(Items from a data source)
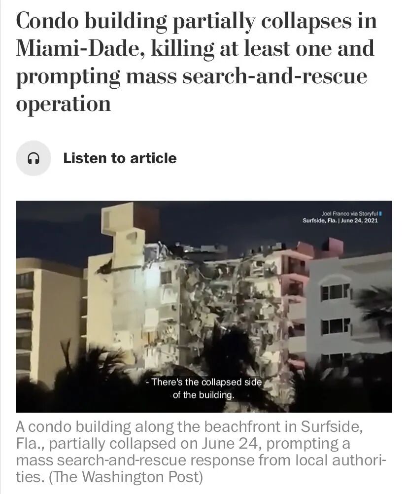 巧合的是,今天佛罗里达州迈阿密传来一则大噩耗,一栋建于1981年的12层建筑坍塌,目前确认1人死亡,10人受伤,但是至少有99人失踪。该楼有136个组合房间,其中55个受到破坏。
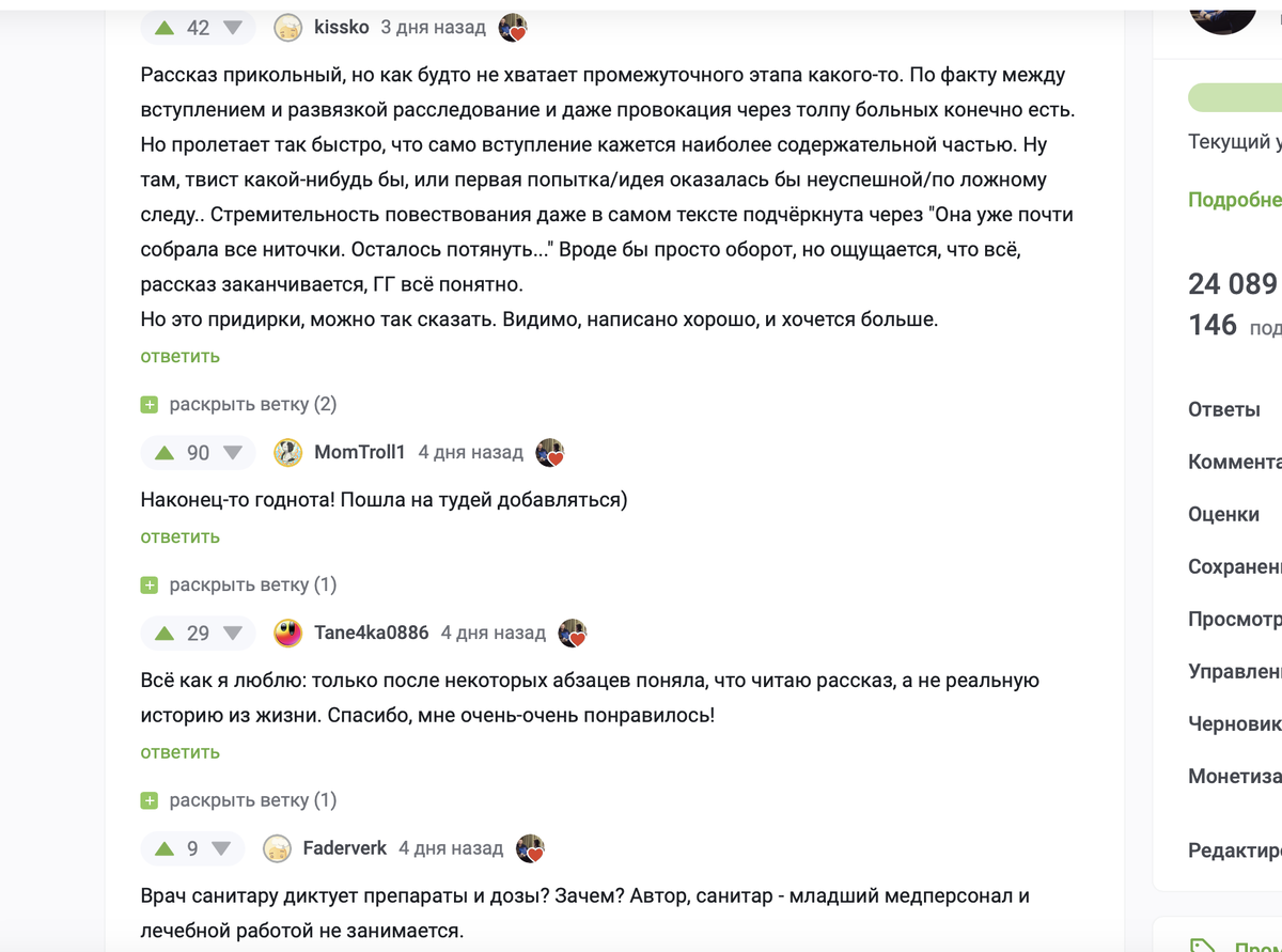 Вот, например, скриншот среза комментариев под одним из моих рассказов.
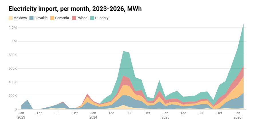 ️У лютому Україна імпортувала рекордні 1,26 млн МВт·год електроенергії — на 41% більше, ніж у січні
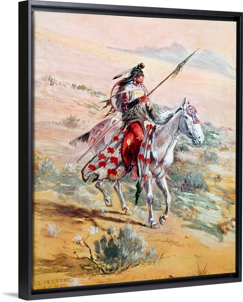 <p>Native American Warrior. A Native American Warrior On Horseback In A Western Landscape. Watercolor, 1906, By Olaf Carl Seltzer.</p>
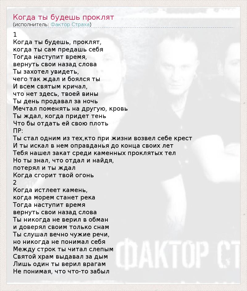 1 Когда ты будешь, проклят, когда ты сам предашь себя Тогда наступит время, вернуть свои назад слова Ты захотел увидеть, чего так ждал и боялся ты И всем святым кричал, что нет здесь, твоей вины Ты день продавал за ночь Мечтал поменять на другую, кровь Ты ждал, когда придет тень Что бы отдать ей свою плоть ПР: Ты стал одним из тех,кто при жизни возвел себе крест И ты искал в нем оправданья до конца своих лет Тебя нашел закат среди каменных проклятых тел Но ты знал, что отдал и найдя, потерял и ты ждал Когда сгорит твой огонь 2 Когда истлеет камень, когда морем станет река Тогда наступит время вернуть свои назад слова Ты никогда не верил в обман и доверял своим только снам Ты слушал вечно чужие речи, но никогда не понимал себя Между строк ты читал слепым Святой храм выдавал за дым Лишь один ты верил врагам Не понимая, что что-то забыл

Activity:
What you return must match the lines from the top of the data through the line with "<p>Native American Warrior." exactly, with the pictures removed.

Your solution:
 巧合的是,今天佛罗里达州迈阿密传来一则大噩耗,一栋建于1981年的12层建筑坍塌,目前确认1人死亡,10人受伤,但是至少有99人失踪。该楼有136个组合房间,其中55个受到破坏。
 Вот, например, скриншот среза комментариев под одним из моих рассказов.
 ️У лютому Україна імпортувала рекордні 1,26 млн МВт·год електроенергії — на 41% більше, ніж у січні
 <p>Native American Warrior. A Native American Warrior On Horseback In A Western Landscape. Watercolor, 1906, By Olaf Carl Seltzer.</p>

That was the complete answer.